Spaghetti Distance Index: measuring set similarity for sentences with a bag-of-words model (too literally)

Today we talk about how you shouldn’t measure sentence similarity.

“Bag of words” is a simplified model of handling sentences in natural language processing, which disregards grammar, punctuation, and word order and manages sentences as sets of words.

“Set similarity” is a measure of the distance between two sets (two collections of arbitrary items). There are many approaches in literature; I recently came across the Jaccard Index, while other alternatives are Sorensen Similarity Index and Hamming distance.
Jaccard Index (or Jaccard Distance) seems to be commonly used in text summarization algorithms, which use it to measure the similarity between two sentences (using a sentence as a set of words).

However Jaccard Index has some sub-optimal quirks. Its score is based on the number of items shared between the sets; when applied to sentence comparison, there are words that are very common (e.g. stopwords), especially in modern social network environments (e.g. Instagram hashtags), often used across different contexts (e.g. #picoftheday); I quickly realized not all words should be treated equally when measuring sentence similarity, and it is not trivial to evaluate if words are important or not.

Its score is also weighted on the set cardinality (the total number of words in the sentence); however this favours short sentences, for example it is way easier to have two sentences share all of their words when there is only one word in them. Big sets that have a large percentage of their items in common should get higher matching scores than smaller sets that have a similar percentage of matching items, since this has a smaller probability to happen for large sets.

This is where I tried to formulate a different, more context-aware, non-normalized, language-agnostic measure of similarity between sentences. I called this algorithm Spaghetti Distance Index. Its idea is, given two sentences, to measure the log-likelihood of ending up with a certain number of shared words. In formulas:

$SDI(X,Y) = - \displaystyle\sum_{w \epsilon (X \cap Y)} log \left( |X| \ |Y| \ p(w) ^ 2 \right)$

$X$ and $Y$ are the two sets, and $|X|$ and $|Y|$ are their size. $p(w)$ is the probability of item $w$ (simply put, the frequency of word $w$ among all sentences). $|X| p(w)$ is the probability of $w$ appearing in set X, and similarly for Y. $|X| \ |Y| \ p(w) ^ 2$ is the probability an item $w$ being in both sets X and Y. The less frequent is the item, the greater the probability of a relationship between the sets.
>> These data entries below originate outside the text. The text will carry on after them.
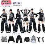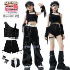 9タイプ★ カーゴパンツ 革パンツ キッズ ダンス 衣装 女の子 黒 長袖 セットアップ 格子柄 片袖 チェック柄 ブラック ワイドパンツ ゆったり ヒップホップ 子供
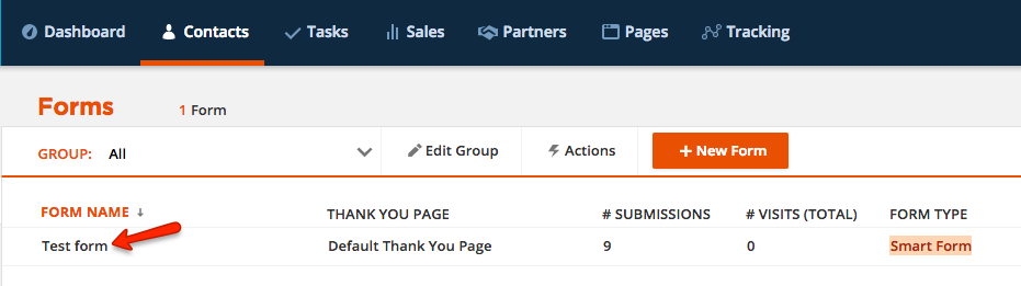 - Navigate to Contacts >> Forms and select the form you want to use:
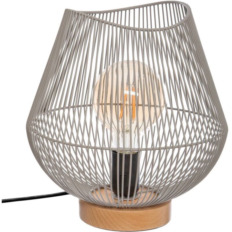 Lampada da tavolo dallo stile moderno. La base è realizzata in legno con un paralume stilizzato in metallo effetto griglia ondulata. Ha un cavo in PVC lungo 185cm per l'alimentazione. Tipo di lampada: 1xE27 e posto per 1 lampadina fino a 40W (non inclusa).
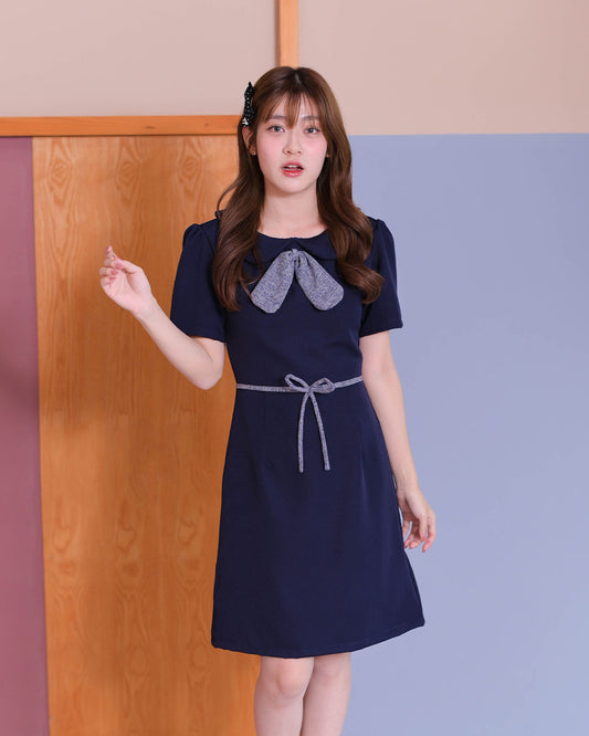 Esther Dress - 拼色小蝴蝶結領口連身裙- Navy 深藍色 (CB693)
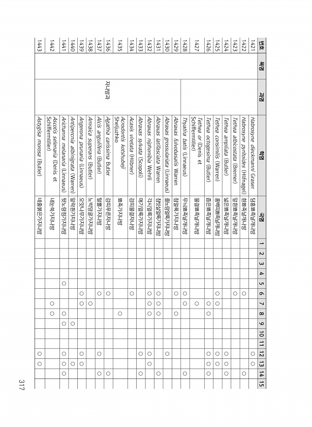 317 번호 목명 과명 학명 국명 1 2 3 4 5 6 7 8 9 10 11 12 13 14 15 1421 Habrosyne dieckmanni Graser 담홍뾰족날개나방 ○ ○ 1422 Habrosyne pyritoides H?fnagel 흰뾰족날개나방 ○ ○ 1423 Tethea albicostata Bremer 앞흰뾰족날개나방 ○ 1424 Tethea ampliata Butler 넓은뾰족날개나방 ○ ○ ○ 1425 Tethea consimilis Warren 홍백띠뾰족날개나방 ○ ○ ○ ○ 1426 Tethea octogesima Butler 좁은뾰족날개나방 ○ ○ ○ ○ ○ 1427 Tethea or Denis et Schifferm?ller 물결뾰족날개나방 ○ 1428 Thyatira batis ...
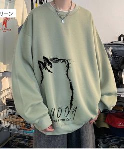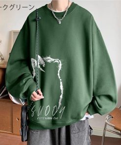 8color 長袖トップス スウェット 男女兼用 メンズ 大きいサイズ 猫 ねこ ネコ 黒 白 青 緑 赤
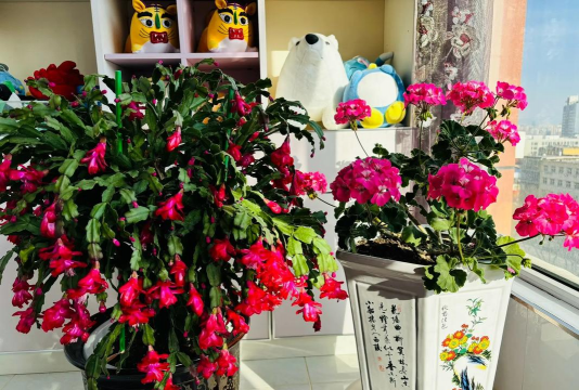 盆栽蟹爪兰不喜欢强光直射,喜欢充足的散射光,养在朝东的窗台或阳台就是很不错的选择,若是光照充足的朝南或朝西阳台,则注意再夏秋高温季节适当遮阴,特别是温度高于30度以上之后,光照太强会灼伤它的叶子。

This algorithm has some advantages over Jaccard Index:

the similarity score is unbounded, so longer sentences can have higher scores;
it favours high percentages of matching words, non-shared words have a negative impact on score;
uncommon words contribute more to the score;
it maintains language agnosticity, and can be used to compare any set of items.

This algorithm assumes each word as chosen indipendently from the others; this is literally what a “bag of word” would get you if words are chosen blindly and randomly. On the other hand, this assumption is certainly not true: words in a sentence have a correlation between them. This is especially true for sentences belonging to a certain topic, i.e. if sentences are about pasta recipes, and one word is spaghetti, then there would be a somewhat high probability of another word being tomato.
Factorizing in the correlation between words would bring us to the Mutual Information algorithm, which relies exactly on the probability of a certain word given all the other words.

But if the problem is comparing sentence similarity, then possibly there are other domain-specific similarity measures such as tf-idf (which accounts for both term frequency in sentences, and for general term frequency among all words), BM25, or sentence clustering algorithms such as Latent Dirichlet allocation.

You can see the source code for Spaghetti Distance Index on GitHub.